Pirate fishing, also known by its less colourful name of illegal, unreported and unregulated (IUU) fishing, is a global problem. Fish pirates net up to US$9 billion each year in black-market revenue from our seas and aggravate the environmental impacts of overfishing. The Commission therefore rightly stresses the urgency with which action is needed.
Important elements of the Commission proposal to deter and eliminate IUU fishing are:
- an EU black list of vessels that have been caught fishing illegally;
- an improved port control and inspection scheme;
- stricter rules on the transhipment of fish from one ship to another at sea;
- stricter rules on certification and trade in fish;
- the setting of minimum standards for fines and other sanctions;
- the naming and prosecution of companies and EU nationals that benefit from IUU fishing;
and
- measures to prevent fish-pirates from hiding their identity, origin and activities behind the flags of countries that ask no questions about their fishing - so called flags of convenience of non-cooperating states.
The Commission's proposal on destructive fishing practices seeks to implement in parts a 2006 UN General Assembly Resolution that requires fishing nations to protect sensitive marine ecosystems from bottom fishing in areas beyond their national jurisdiction (i.e. in the international waters of the high seas).
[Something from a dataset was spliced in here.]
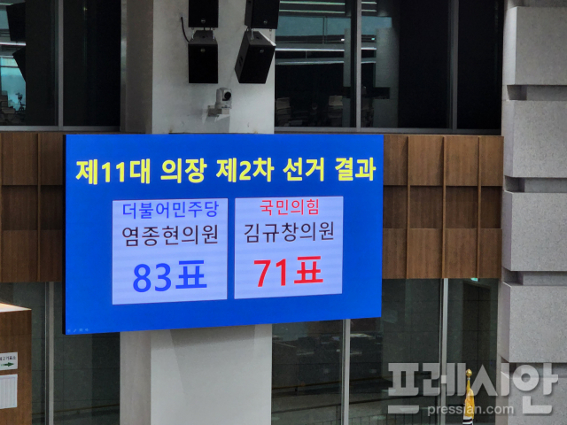 이들이 대표단에 반발하게된 원인으로는 전날 여야 의원수가 78대 78로 동일한 상황 속에서 치러진 의장 선거에서 민주당 염종현 의원이 국민의힘 김규창 의원을 ‘83대 71’로 누르고 당선된데 따른 것이다.

Most of the EU's deep-sea fisheries are conducted using a practice known as bottom-trawling, whereby vast, weighted nets are dragged across the seabed, devastating marine life which is hundreds, if not thousands, of years old. Scientists have identified deep-sea bottom trawling as the most destructive of all current fishing methods. Deepsea fisheries are also particularly vulnerable to overfishing, due to the longevity of targeted species and their slow growth and reproductive rates.
The Commission's proposal only deals with those EU fisheries conducted in areas where no international fisheries management takes place. It does not address destructive fishing within Community waters, nor does it currently address the same destructive fishing practices in areas where regional management organisations exist, such as the entire North Atlantic. It therefore leaves vast areas of the ocean unprotected. Further measures will have to be adopted at international and EU level to ensure that all areas are protect from the impacts of bottom trawling and similar destructive fishing practices. A number of isolated closed areas here and there will not provide sufficient protection.